▸ TASK STATEMENT: Would you return every line of the listing below that has "уполномоченных" in it?

▸ THE DATA:
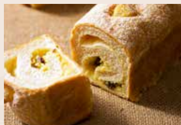
25/ 甜酥香栗 NT$180 (奶蛋素)
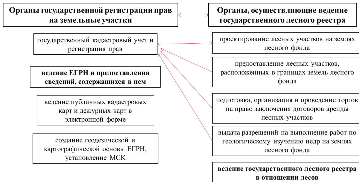
Рис. 2 Функциональная связь органов, уполномоченных на ведение ЕГРН и ГЛР [2]

Взаимосвязь между функциями уполномоченных на ведение таких реестров органов представлена на рисунке 2.
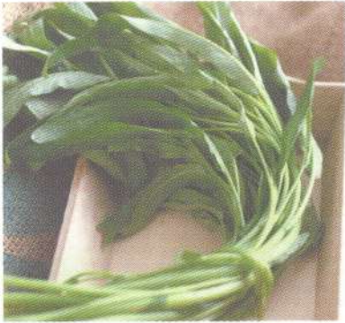
ผักบุ้งจีน
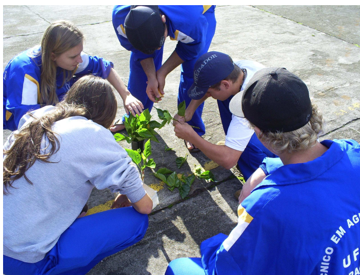
Figura 16 - Trabalho em grupo

Com a realização dos experimentos nos grupos de trabalho formados, a necessidade de interagir com os colegas foi nitidamente perceptível, fazendo com que a relação interpessoal fosse estimulada a fim de conseguirem atingir os objetivos propostos para cada um dos experimentos (Figura 16).
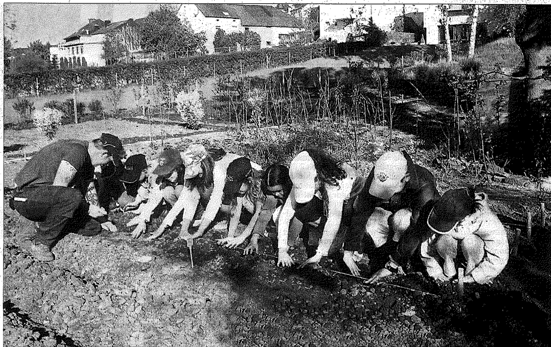
Qui se soucie de regarder la fleur de la carotte sauvage au temps des cerisiers? Sodo, Haïku (poème japonais)

Cette année, nous avons enrichi le programme par la comédie, en y associant „Ile aux clowns“, un projet du réseau Objectif Plein Emploi que le CIGL Hesperange
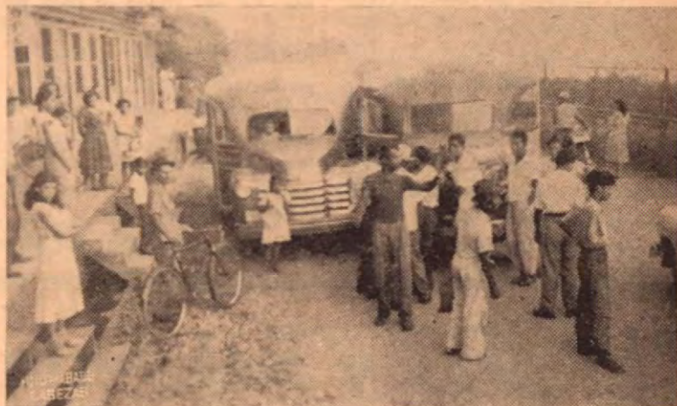
Guerra de autobuses de pasajeros en Golfito.

La única en su estilo en QUEPOS No hay otra. Ni la busque.
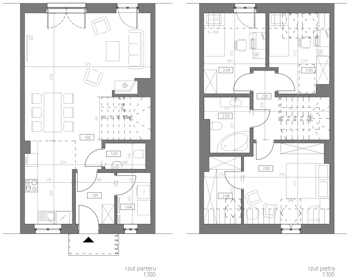
rzut parteru 1:100
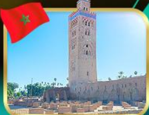
มัสยิดคูตูเบีย มาราเกช
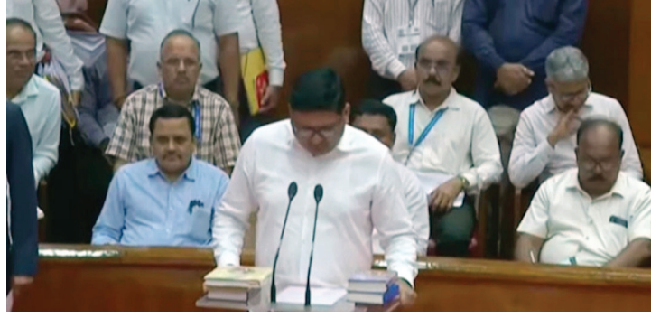
राज्याच्या विधिमंडळात अभ्यासू व प्रभावी नेतृत्वाची भर पडल्याची भावना
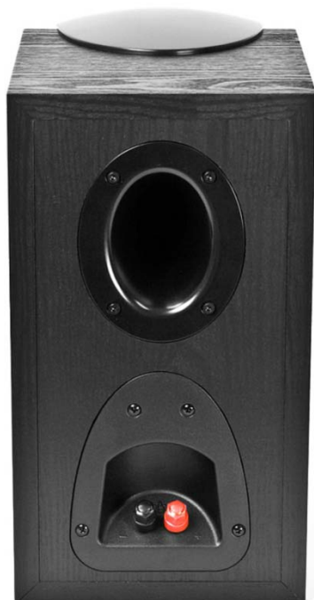
B-20 BLACK widok z tyłu
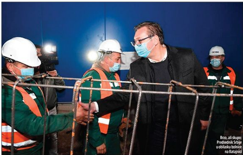
Brzo, ali skupo: Predsednik Srbije u obilasku bolnice na Batajnici

■ Građevinski stručnjaci zbunjeni izrazito visokom cenom – kruševačka košta 1.200, a batajnička 2.000 evra po kvadratu
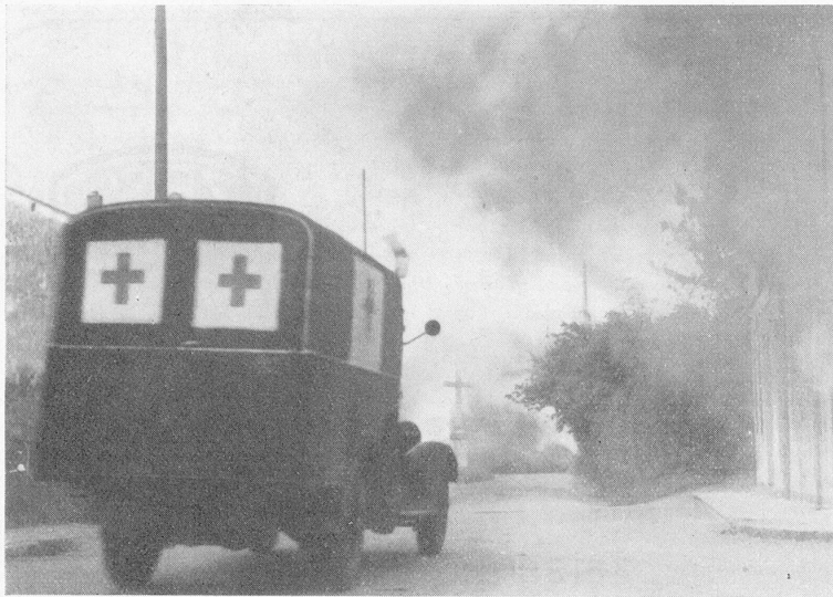
Eine Szene aus dem Film «Die Oase im Sturm». Une scène du film «L'Oasis dans la Tourmente».

Schade, daß so vieles an diesem Film abstößt, denn er hat großartige Momente, in den stimmungsgeladenen Bildern von Burel — die Photographie ist meisterlich! Die Musik von Raoul Moretti ist gut, solange sie «fond» bleibt, gleichsam als Stimme des Meeres und der Dinge mit dem Geschehen verschmilzt, doch sie ist unerträglich, wenn sie sich vordrängt, wenn man ihrer «bewußt» wird.
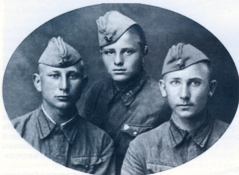
Перед отправкой на фронт. 1941 год
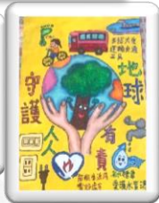
繪畫比賽 表現優異
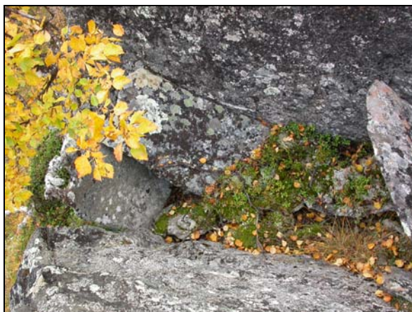
Inrasade hållar i gravens mitt
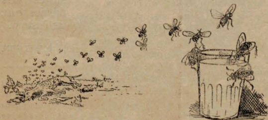
De un perro muerto al vaso de leche del niño. Este dibujo demuestra gráficamente la repugnancia que deben inspirar las moscas.

Aquí en España, la Sanidad oficial ha editado en estos últimos años unos carteles murales de guerra a las moscas.
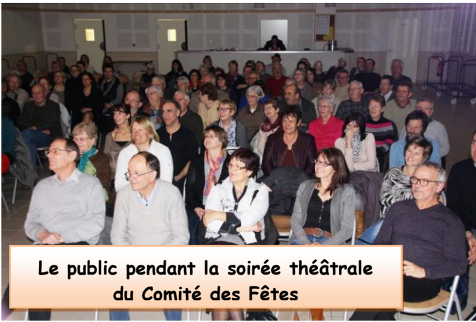
Le public pendant la soirée théâtrale du Comité des Fêtes
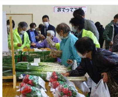
農家組合による農産物販売
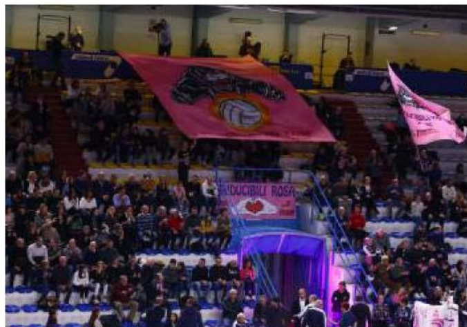
Tanti spettatori al PalaRadi per la sfida di Santo Stefano
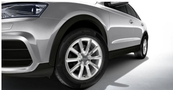
Llantas de aleación de aluminio 17", diseño 10 brazos, tamaño 7J x 17, con neumáticos 235/55 R17
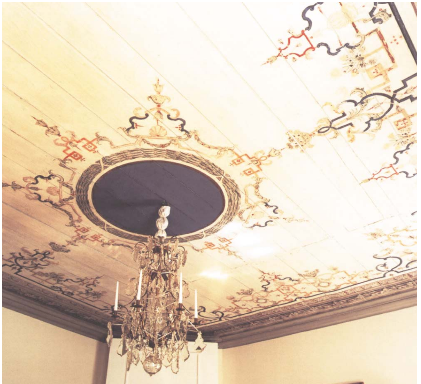
Det dekorerade 1700-talstaket togs fram och renoverades på 1950-talet.
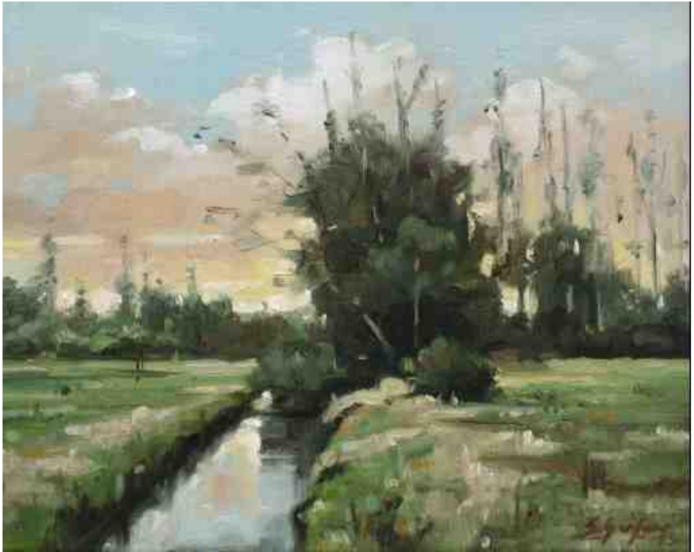
Früher Abend bei Worpswede 2015 | Öl/Lw. | 24 x 30 cm
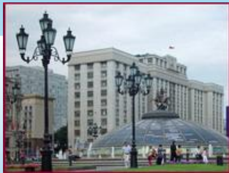
Государственная Дума ФС РФ

замечания и предложения к законопроекту направлены в Государственную Думу Федерального Собрания РФ
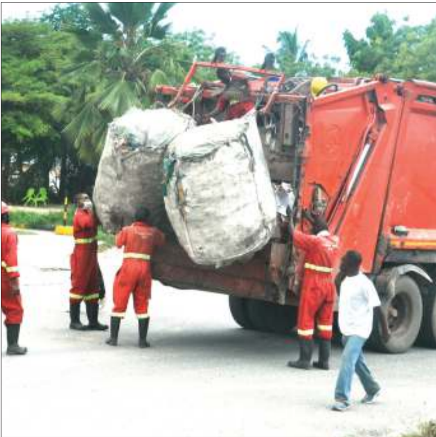
Wafanyakazi wa kampuni ya usafi wakisaidiana kupakia mafurushi ya takataka kwenye gari, katika eneo la Kimara, jijini Dar es Salaam wikiendi.
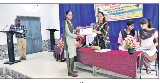
ଜଣେ ସାମାଜିକ ପ୍ରଶଂସାପତ୍ର ପ୍ରଦାନ କରାଯାଇଛି।
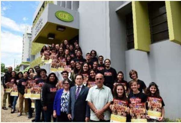
Visita del Presidente a CeDiIn, 2016
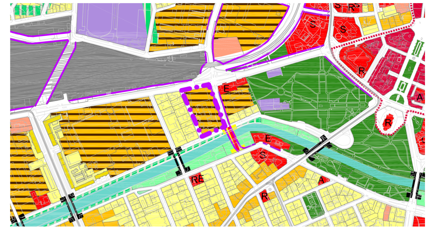
ZONIFICARE CONFORM PUG 2012
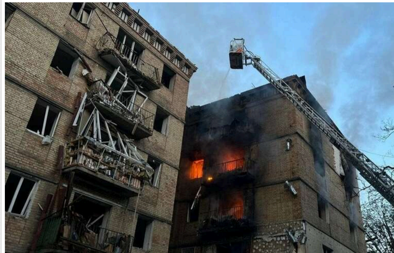
Одна ніч обійшлася у 53 мільйони: скільки Київ і держава витратять на допомогу постраждалим від атаки 17 червня

Читати на руском Read in English Додати як бажане джерело в Google
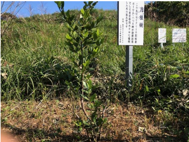
月桂樹の周り草刈りをしました。 (石毛社会奉仕委員長)
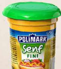
SENF 100G FINI
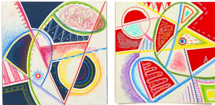
No.58「ホワツ ユア ネイム?」
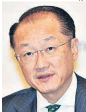
Jim Yong Kim, Jefe del BM.

El presidente del BM, Jim Yong Kim, señala que todavía hay muchos latinoamericanos que están en riesgo de

▸ ANSWER SPACE:
Рис. 2 Функциональная связь органов, уполномоченных на ведение ЕГРН и ГЛР [2]
Взаимосвязь между функциями уполномоченных на ведение таких реестров органов представлена на рисунке 2.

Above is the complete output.